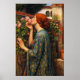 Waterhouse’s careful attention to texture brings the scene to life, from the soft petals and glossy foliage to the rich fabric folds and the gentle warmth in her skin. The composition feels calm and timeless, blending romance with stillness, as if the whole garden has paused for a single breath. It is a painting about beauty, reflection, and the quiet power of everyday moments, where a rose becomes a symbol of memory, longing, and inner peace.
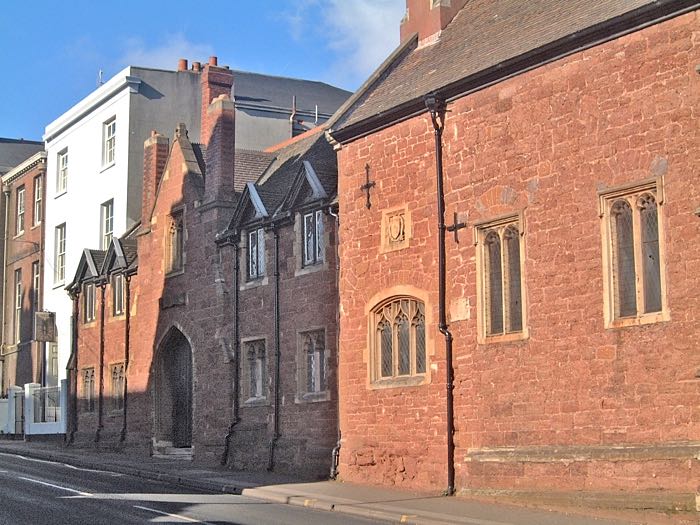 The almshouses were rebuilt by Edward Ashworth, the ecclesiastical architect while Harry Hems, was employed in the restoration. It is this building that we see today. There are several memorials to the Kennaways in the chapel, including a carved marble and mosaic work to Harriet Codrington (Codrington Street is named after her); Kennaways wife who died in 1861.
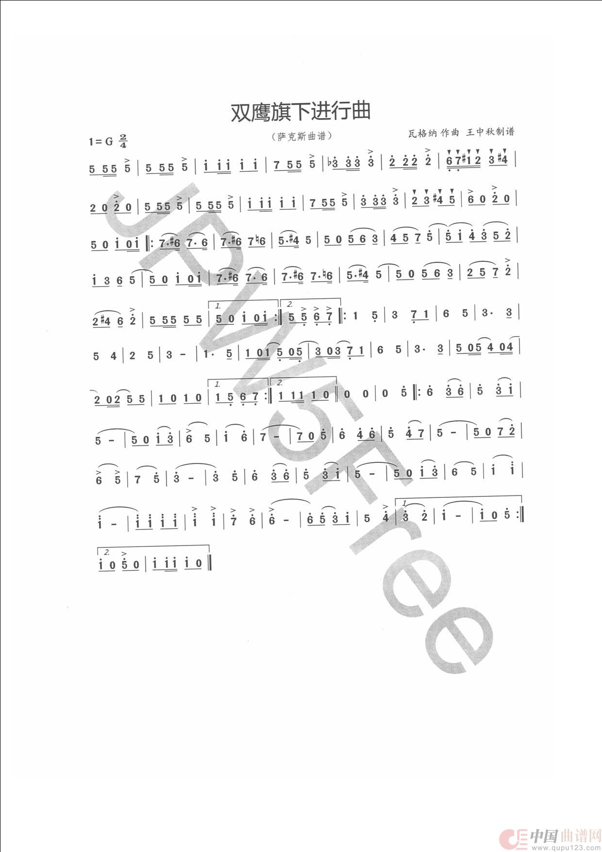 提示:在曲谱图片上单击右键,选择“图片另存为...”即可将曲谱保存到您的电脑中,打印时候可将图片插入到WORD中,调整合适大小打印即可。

**What is expected**: Write out the whole listing again, exactly, with no pictures.

**Result of the exercise**:
 Waterhouse’s careful attention to texture brings the scene to life, from the soft petals and glossy foliage to the rich fabric folds and the gentle warmth in her skin. The composition feels calm and timeless, blending romance with stillness, as if the whole garden has paused for a single breath. It is a painting about beauty, reflection, and the quiet power of everyday moments, where a rose becomes a symbol of memory, longing, and inner peace.
 The almshouses were rebuilt by Edward Ashworth, the ecclesiastical architect while Harry Hems, was employed in the restoration. It is this building that we see today. There are several memorials to the Kennaways in the chapel, including a carved marble and mosaic work to Harriet Codrington (Codrington Street is named after her); Kennaways wife who died in 1861.
 提示:在曲谱图片上单击右键,选择“图片另存为...”即可将曲谱保存到您的电脑中,打印时候可将图片插入到WORD中,调整合适大小打印即可。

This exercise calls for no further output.